Appendix: Cisco UCS Quick-Start Guide
To get a Cisco UCS system up and running as quickly as possible:
1. Cable the L1/L2 ports that connect the 2 FI's.
2. Allocate 3 IP addresses in the management/admin subnet for each FI and for the "Virtual IP."
3. Set hostname, IP addr, gateway, etc. from the Serial Console connection.
4. Set the Chassis Discovery Policy for the number of FEX->FI connections (1, 2 or 4), and the Link Grouping Preference.
5. Configure/Enable Server Ports; Configure/Enable Uplink Ports; Configure/Enable FC Ports.
6. Create Management IP Address Pool (typically same subnet as UCS Manager Admin IP).
7. Create "Host Firmware Policy" with packages from most recent UCS software bundle.
8. Create UUID Pool; Create MAC Pool; Create WWNN Pool; Create WWPN Pool (or populate the corresponding "default" pools). Embed domain ID's.

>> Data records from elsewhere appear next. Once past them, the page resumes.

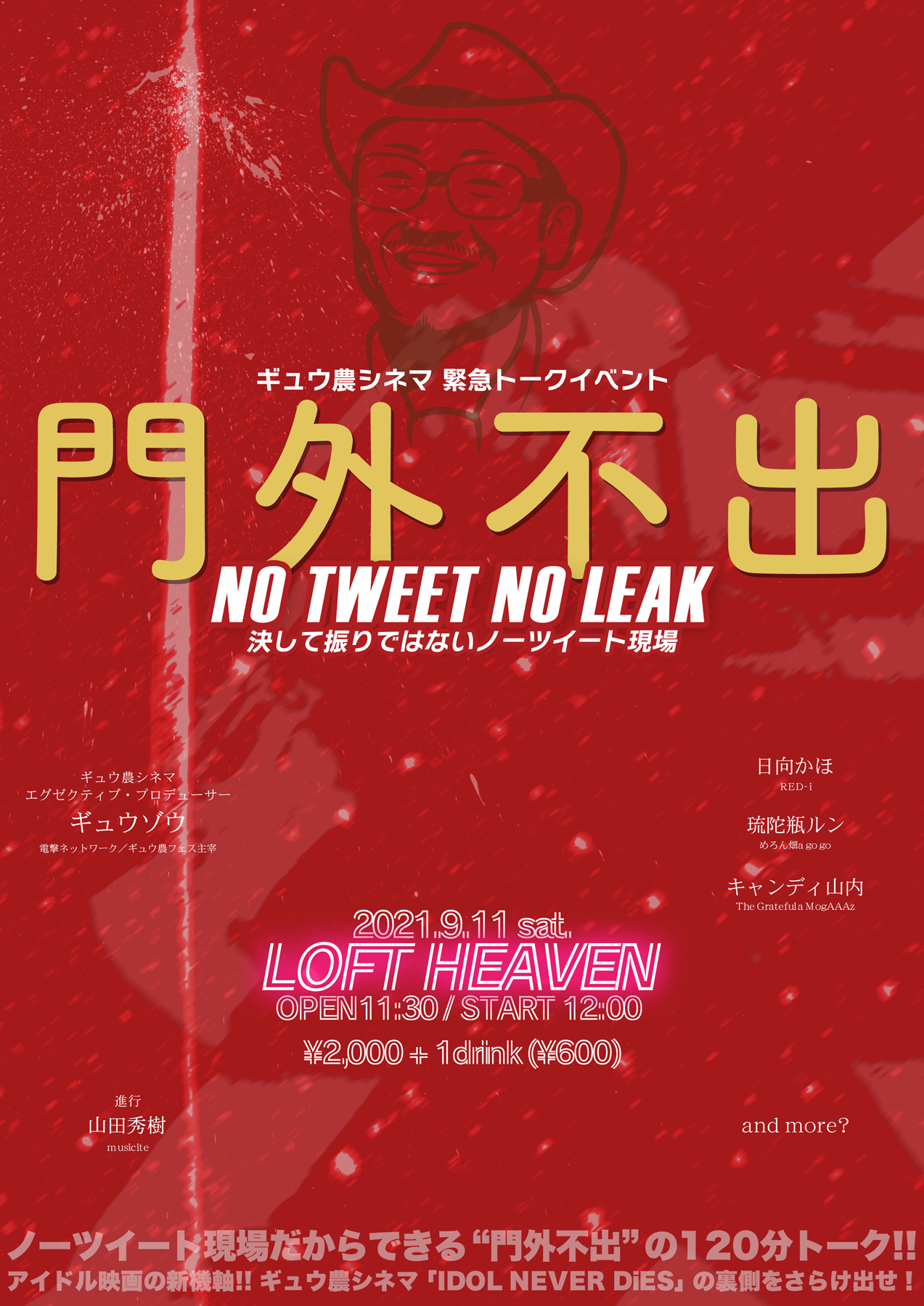 アイドルイベント「ギュウ農フェス」がプロデュースする映画プロジェクト・ギュウ農シネマ「IDOL NEVER DiES」のノーツイートトークイベント「門外不出」の緊急開催が決定しました。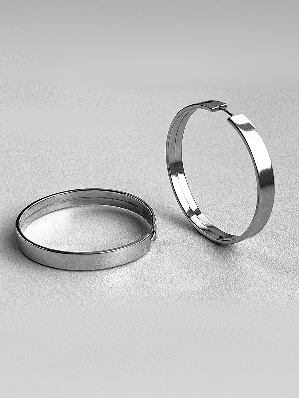 Стильніі срібні сережки-кільця із родієвим покриттям.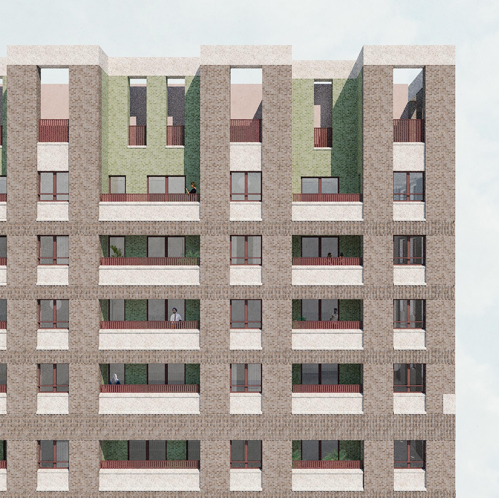 In materials palette and detail, the buildings are expressed as a family, each with a subtly different brick colour and type. We used complementary glazed bricks to line inset balconies, drawing on the history of Martinware Pottery production in Southall, and locating a finer quality material where people are in close proximity and will have most impact.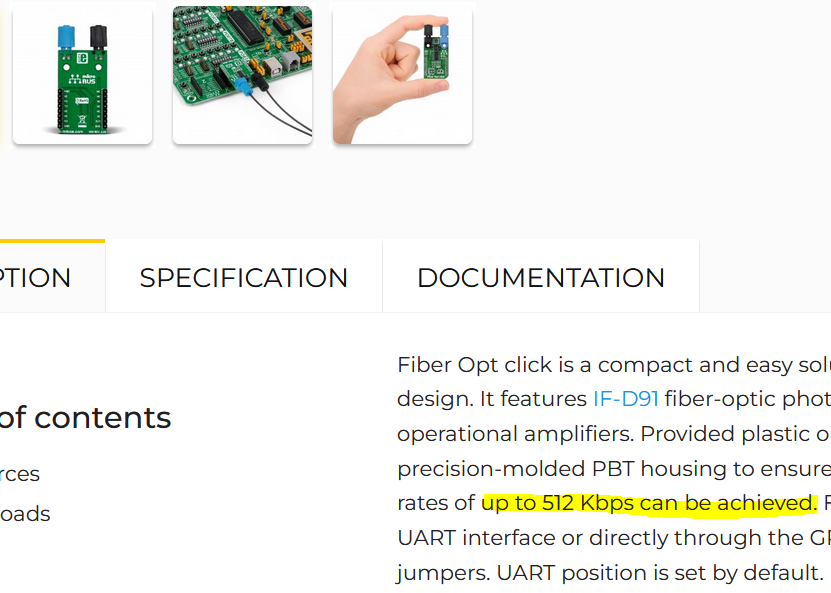 Can anyone see why this Click module is limited to 512Kbs? Seems really slow to me. I have submitted a question to Mikroe but they take forever and a day to respond. Schematic is in the attached PDF. fiber-opt-click-schematic-v201.pdf Craig |
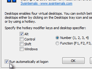 ![]() Privzeta bližnjica za prehod med različnimi namiziji je tipka Alt in številka. Če želite, lahko tu nastavite drugo bližnjico. Če želite več namizij redno uporabljati, izberete še možnost Run automatically at logon in program se bo ob prijavi v Windows okolje vedno sam zagnal.

Use Fabric-specific Pools for MAC and WWPN ("-A", "-B").
9. For SAN boot, create a unique "Boot Policy" for each storage array boot target.
10. Create VNIC templates ("eth0-A", "eth1-B"), that both draw from the above MAC Pool, and are associated with Fabric-A and Fabric-B respectively.
11. Create VHBA templates ("fc0-A", "fc1-B"), that both draw from the above WWPN Pool, and are associated with Fabric-A and Fabric-B respectively.
12. Create service-profile templates that draw from all earlier established pools, policies and templates, as appropriate.
13. Instantiate service-profile from template and associate service-profile to a given blade-OR-set service-profile template to associate with a particular Server Pool.
14. Configure PXE server, or map a bootable ISO image to the virtual-media CDROM drive to begin the OS installation.
1*Source: IDC Worldwide Quarterly Server Tracker, Q1 2013 Revenue Share, May 2013
2A UCS domain can grow to 160 servers, being a combination of blade or rack-mount
3Visibility and configuration across multiple domains is achieved through Cisco UCS Central
4The Cisco UCS Manager Control Plane runs as "primary" and "subordinate"; the Data Plane is always active/active across both FI's.
5 Unless directed so by the product release notes.